Pastors and Politics?

Being a pastor comes with many very important responsibilities. Of top concern is the good of the sheep in the congregation God has placed him in. I recognize this responsibility and I want you to know that I take it very seriously. I also know that I will one day have to stand before the Lord and I will be held to an even greater standard as a teacher of God’s Word. This reality bears heavily on my mind in each and every decision I make and each and every time I stand up to minister.

There are differing opinions from good and Godly men as to whether or not a pastor should be involved in the political process. Some say that the risk of alienating some of your congregation is too great so pastors should not get entangled with politics. Others disagree and say that pastors should lead the way in engaging the political realm, while of course never forcing a political position on anybody.

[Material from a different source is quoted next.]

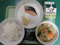 ★今日の給食は焼きのり・たくあん・鮭の塩焼き・味噌汁でした。

I am sensitive to both sides of this debate. There is nothing that I would ever do to purposely alienate any member of my congregation, no matter how different our views were. To me, the gospel of Jesus Christ is the central, most important thing that we must focus on like a laser beam. Christ is THE answer to this world’s ills, and there is no other. I also believe that the way to NOT alienate people is to honestly communicate with them, as I am doing here.

Having said that, I also recognize from Scripture an imperative that we not only should take seriously, but I believe has been sorely neglected today due to the controversial nature of politics in general. The imperative I speak of here is our call to be salt and light in the world (Matthew 5:13-16). It is because of this call, and because I know that God does, indeed, care about government and has given it an ordained place in our society (Romans 13:1-7; 1 Timothy 2:1-4) that I disagree with the notion that pastors should not be engaged in the political process. Politics is a part of our culture, and we are called to affect our culture in each of it realms. If believers don’t influence the political realm of our culture for whatever reason, then who does that leave that influence to? The ungodly. And the church will have shirked its calling to be salt and light in that realm of culture.

Now let me be abundantly clear. I do not now, nor will I ever, advocate for partisan politics. For many years I have been registered Unaffiliated. I do not support any party, and you have never, nor will you ever, see me advocating for any party. As a matter of fact, and this might shock you, I am not a so-called “political” person. What I am concerned with is righteousness and the believers’ call to obey Jesus Christ in our world. I am also very concerned with truth and I feel a heavy call to proclaim truth to the world.

Now in this election cycle, I have endorsed a candidate. There’s no secret there. The choice is mine and mine alone and does NOT in any way necessarily reflect any position, stated or implied, of the local church that I serve. The church I serve does not and should not be in the business of endorsing candidates. Nor should it allow anyone to preach anything but the sacred Word of God from the pulpit. But I want you to know that while I did do my homework and put in my due diligence toward my choice in who to vote for, I do NOT expect you to necessarily agree with me. However, I DO expect you as a Christian to obey Christ, do your own homework, look at each candidate, and choose for yourself. You and I don’t have to agree, but we can and we should still love one another and still be persuaded by our own convictions of how we view each candidate according to the Bible.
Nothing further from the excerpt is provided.